Isnan Ali

Personal information
- Full name: Isnan Ali
- Date of birth: 15 September 1979 (age 46)
- Place of birth: Makassar, Indonesia
- Height: 1.69 m (5 ft 7 in)
- Position: Defender

Youth career
- SSB Bangau Putra
- 1997: PSM Makassar
- 1998–1999: PS Telkom Banjarmasin

Senior career*
- Years: Team / Apps / (Gls)
- 1999–2002: Barito Putra / 23 / (2)
- 2003–2004: Persikota Tangerang
- 2005–2006: Persita Tangerang / 24 / (2)
- 2007–2010: Sriwijaya / 77 / (0)
- 2010–2011: Persib Bandung / 21 / (1)
- 2011–2012: Mitra Kukar / 28 / (1)
- 2012–2013: Persidafon Dafonsoro / 23 / (2)
- 2014–2017: Martapura FC / 9 / (1)

International career
- 2001: Indonesia U23 /  / (1)
- 2001–2010: Indonesia / 32 / (0)

Managerial career
- 2016–2021: Martapura FC (Assistant)
- 2021–: Barito Putera (Assistant)

= Isnan Ali =

Indonesian footballer

 Isnan Ali (born 15 September 1979 in Makassar, Sulawesi Selatan, Indonesia) is an Indonesian former professional footballer. He plays as defender.

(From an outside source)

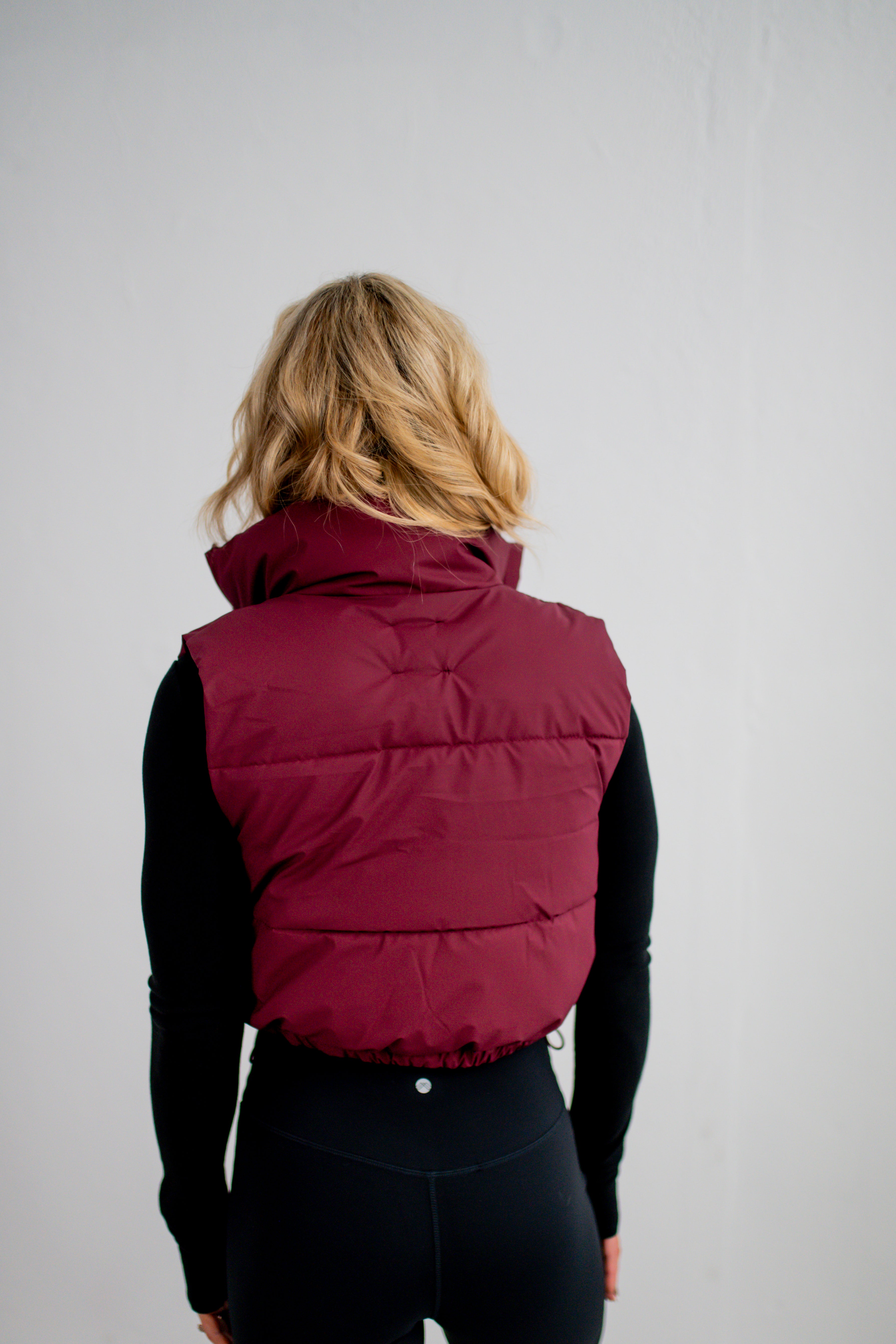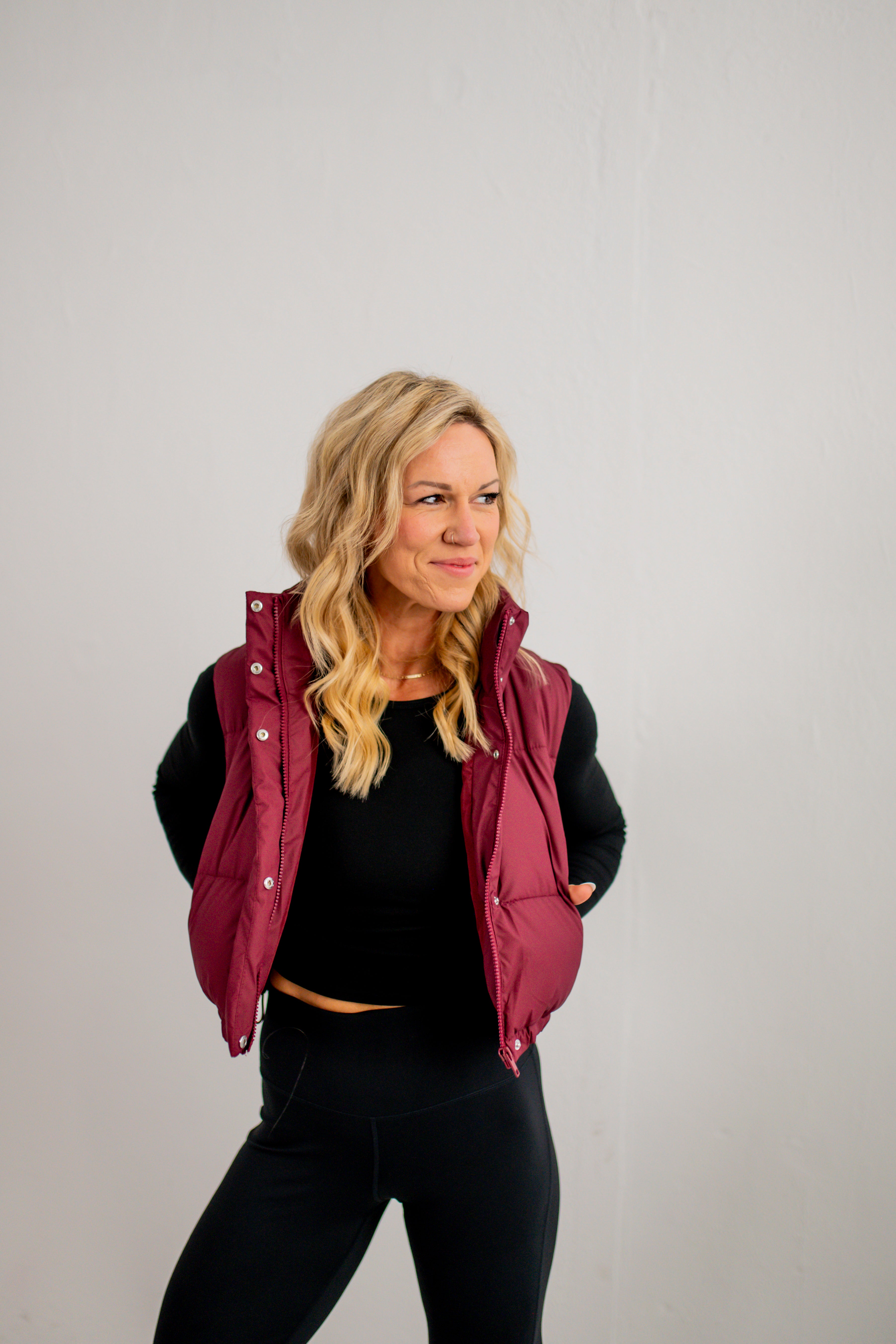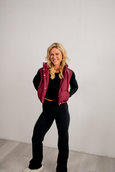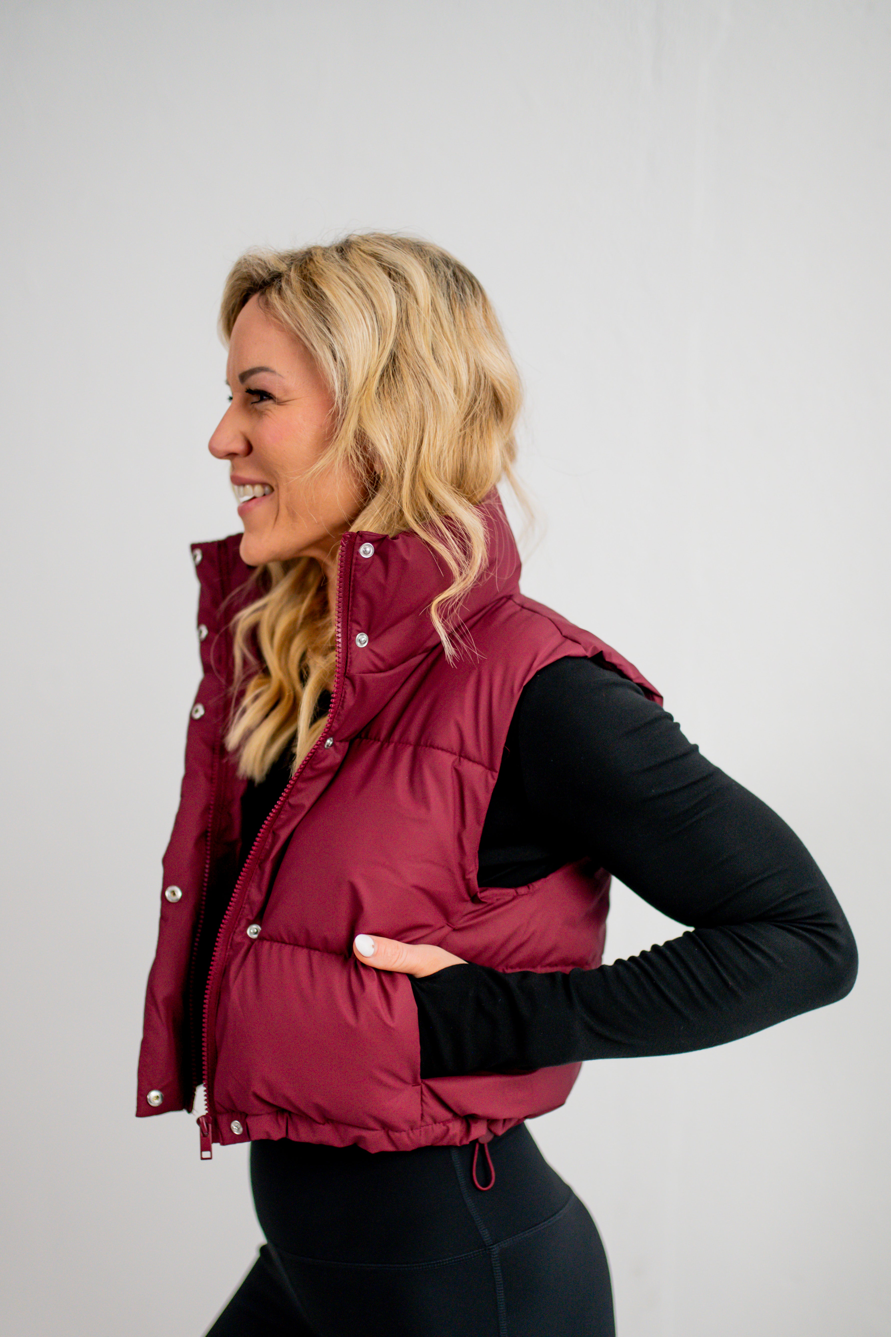 Burgundy Essential Puffer Down Vest with Adjustable Hem

Isnan Ali is one of the most well-known seniors in the Indonesian National Team due to his appearances from 2002 to present. He is best known for his time with famous clubs such as PSM Makassar (Junior), Barito Putra, and Sriwijaya F.C. Palembang.

When he was younger, he was a talented footballer, as shown through his attendance at local adult competitions in his hometown. He fell in love with football after watching Diego Maradona in the 1986 World Cup, and decided to be a full-time footballer.His family was a source of great support for him, as he said that "Mom and Dad always brought me a soccer ball when they went working." His talent was then tested by enrolling in Sekolah Sepak Bola Bangau Putra on his Upper School years.

Isnan Ali then joined PSM Makassar Junior in 1997, one of the most high profile football clubs in Indonesia. He represented Makassar 15 years and up at the Hari Pekan Olahraga Nasional (Haornas) Competition.

His football career advances further when he joined Makassar in Pekan Olahraga Daerah (Porda) Makassar in 1997. He scored a decisive goal that brought his team to victory and champion of the tournament. "That is the most memorable grand final event for me. I went from behind and did some sprint and I scored with my head."

Isnan then joined PT Telecom for two years. However, he was faced with a dilemma when Telecom was going to attend a National competition in Surabaya. One of his senior, Fahri Amiruddin, Mitra Kukar asked him to represent Banjarmasin in PRA PON Banjarmasin to boost his football career. Finally he decided to join Banjarmasin at Pekan Olahraga Nasional.

This event opens an opportunity for him to join Barito Putera Banjarmasin in 1999. Young and talented yet he made it to the line up only after joining recently. Particularly on the second round of the National-A League, Liga Indonesia 1999, Daniel Roekito, the coach of Barito at that time appointed Isnan to join the line up. "That was when we play against Solo at Manahan Stadium." After that, he joined the line up every time, although he was still very young. Indeed, the second year with Barito, Isnan was called to join the Senior National team in the World Cup qualifier and Sea Games Malaysia in 2002.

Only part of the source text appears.